(Stored items from a collection)
□ □ □

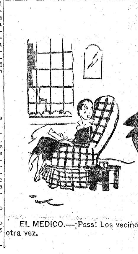
EL MEDICO.—¡Pss! Los vecinos de al lado están riñendo otra vez. ("Everybody's", Londres.)
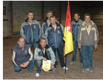
CHAMPIONS de 2 ème Division
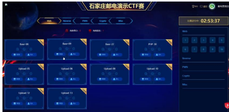
图 5 靶场训练系统
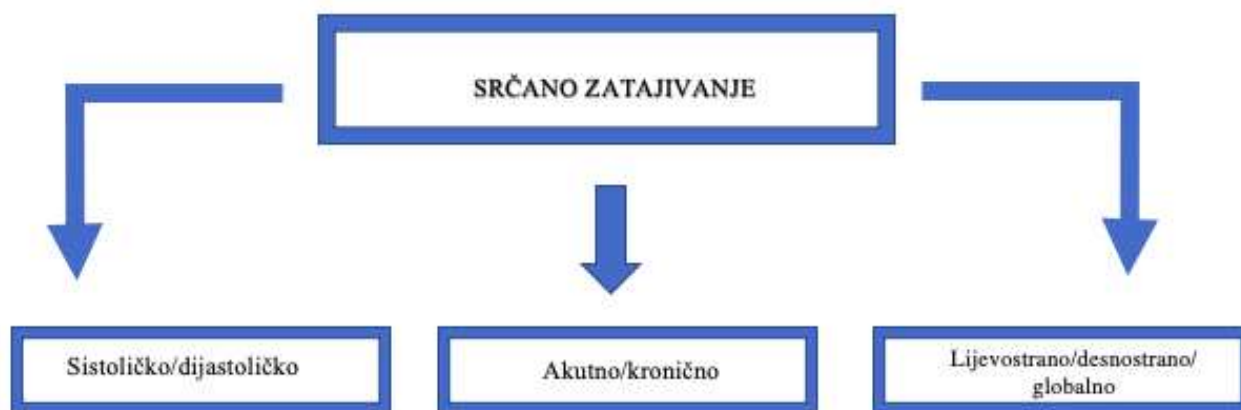
Slika 1. Podjela srčanog zatajivanja

Tradicionalno, sukladno nalazima ultrazvuka srca i istisne frakcije lijeve klijetke (LVEF), srčano zatajivanje možemo podijeliti na: sniženu sistoličku funkcija lijeve klijetke (HFrEF, LVEF \leq 40\% ), blago sniženu (HFmEF, LVEF 41-49%), i očuvanu (HFpEF, LVEF \geq 50\% ).
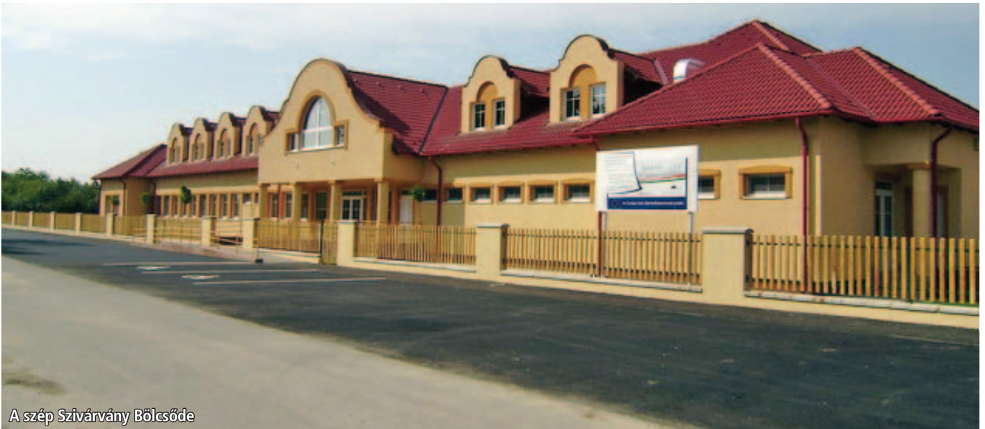
A szép Szivárvány Bölcsőde
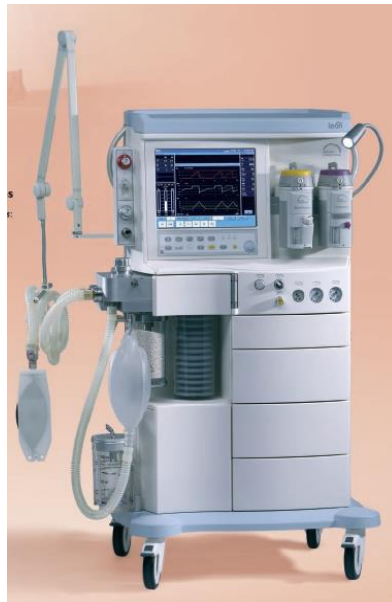
Figura 17 - Sistema de anestesia Leon Plus

O Leon MRI, tal como o nome indica, tem na sua construção as adaptações necessárias para ser compatível com a ressonância magnética. A nível de funcionamento e modos ventilatórios é em todo semelhante aos outros dois modelos.
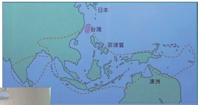
世界分布（虛線），台灣族群所屬亞種分布範圍

紫斑蝶的生態，在台灣的遷徙、各種類的辨認、生活史、寄主植物與蜜源食物。認識紫斑蝶的口訣：「小紫點一點，圓翅點兩邊，斯式點三點，端紫亂亂點。」
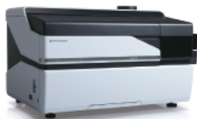
Inductively Coupled Plasma Mass Spectrometer ICPMS-2030
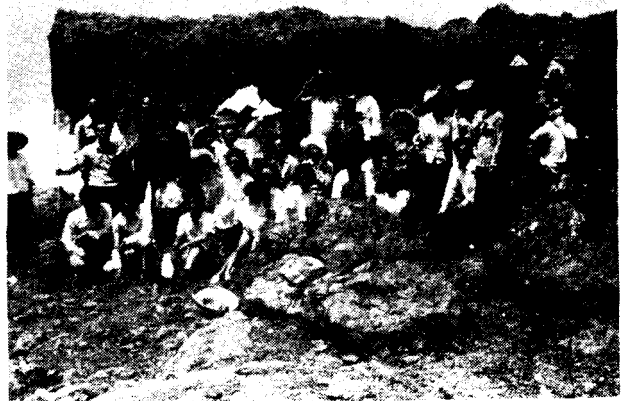
圖右下：全隊於小門採集蟬蟲後攝於鯨魚洞。
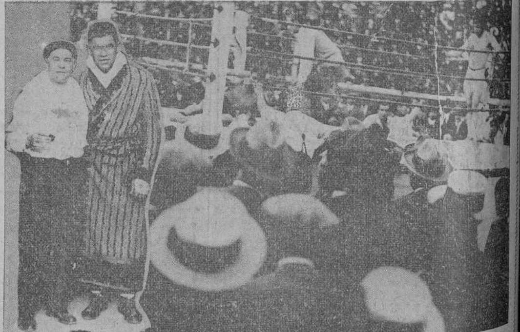
Dos notas del macho de boxeo Uzcudun-Scott, organizado por "Excelsior", en Bilbao.

SANTOÑA Nu Al La op ceses.— M EL Nuestra por su eno expansión amos felicit La toma corno el ca problema d En las En reaccion los pr pública vol para por la ser acada rebeldía. —Se di —Ya es Es decir militar, por de nuesta operación Pues ya más, pisan operación aje efecto que Y, patri de el d los jefes qu operación. En la s Mov FEZ. 8.— gran activi gentes de t otías en los dos en los tidos por f ues, con gr que han sid no como pr par el comb Parece se españolas mento a ot nes combin monos de ad De momen se ha de p nes habrá vacins tribu cer a las que no pue ataques del sus repres RE MILLILLA escuadrilla Alfonso, ef por el fren dad. + Su y Co rela senda t ria nos p Ajo

□ □ □

WHAT THE TASK REQUIRES>
The entries above should be retyped word for word, with all pictures omitted.

YOUR RESPONSE>
EL MEDICO.—¡Pss! Los vecinos de al lado están riñendo otra vez. ("Everybody's", Londres.)
CHAMPIONS de 2 ème Division
图 5 靶场训练系统
Slika 1. Podjela srčanog zatajivanja

Tradicionalno, sukladno nalazima ultrazvuka srca i istisne frakcije lijeve klijetke (LVEF), srčano zatajivanje možemo podijeliti na: sniženu sistoličku funkcija lijeve klijetke (HFrEF, LVEF \leq 40\% ), blago sniženu (HFmEF, LVEF 41-49%), i očuvanu (HFpEF, LVEF \geq 50\% ).
A szép Szivárvány Bölcsőde
Figura 17 - Sistema de anestesia Leon Plus

O Leon MRI, tal como o nome indica, tem na sua construção as adaptações necessárias para ser compatível com a ressonância magnética. A nível de funcionamento e modos ventilatórios é em todo semelhante aos outros dois modelos.
世界分布（虛線），台灣族群所屬亞種分布範圍

紫斑蝶的生態，在台灣的遷徙、各種類的辨認、生活史、寄主植物與蜜源食物。認識紫斑蝶的口訣：「小紫點一點，圓翅點兩邊，斯式點三點，端紫亂亂點。」
Inductively Coupled Plasma Mass Spectrometer ICPMS-2030
圖右下：全隊於小門採集蟬蟲後攝於鯨魚洞。
Dos notas del macho de boxeo Uzcudun-Scott, organizado por "Excelsior", en Bilbao.

SANTOÑA Nu Al La op ceses.— M EL Nuestra por su eno expansión amos felicit La toma corno el ca problema d En las En reaccion los pr pública vol para por la ser acada rebeldía. —Se di —Ya es Es decir militar, por de nuesta operación Pues ya más, pisan operación aje efecto que Y, patri de el d los jefes qu operación. En la s Mov FEZ. 8.— gran activi gentes de t otías en los dos en los tidos por f ues, con gr que han sid no como pr par el comb Parece se españolas mento a ot nes combin monos de ad De momen se ha de p nes habrá vacins tribu cer a las que no pue ataques del sus repres RE MILLILLA escuadrilla Alfonso, ef por el fren dad. + Su y Co rela senda t ria nos p Ajo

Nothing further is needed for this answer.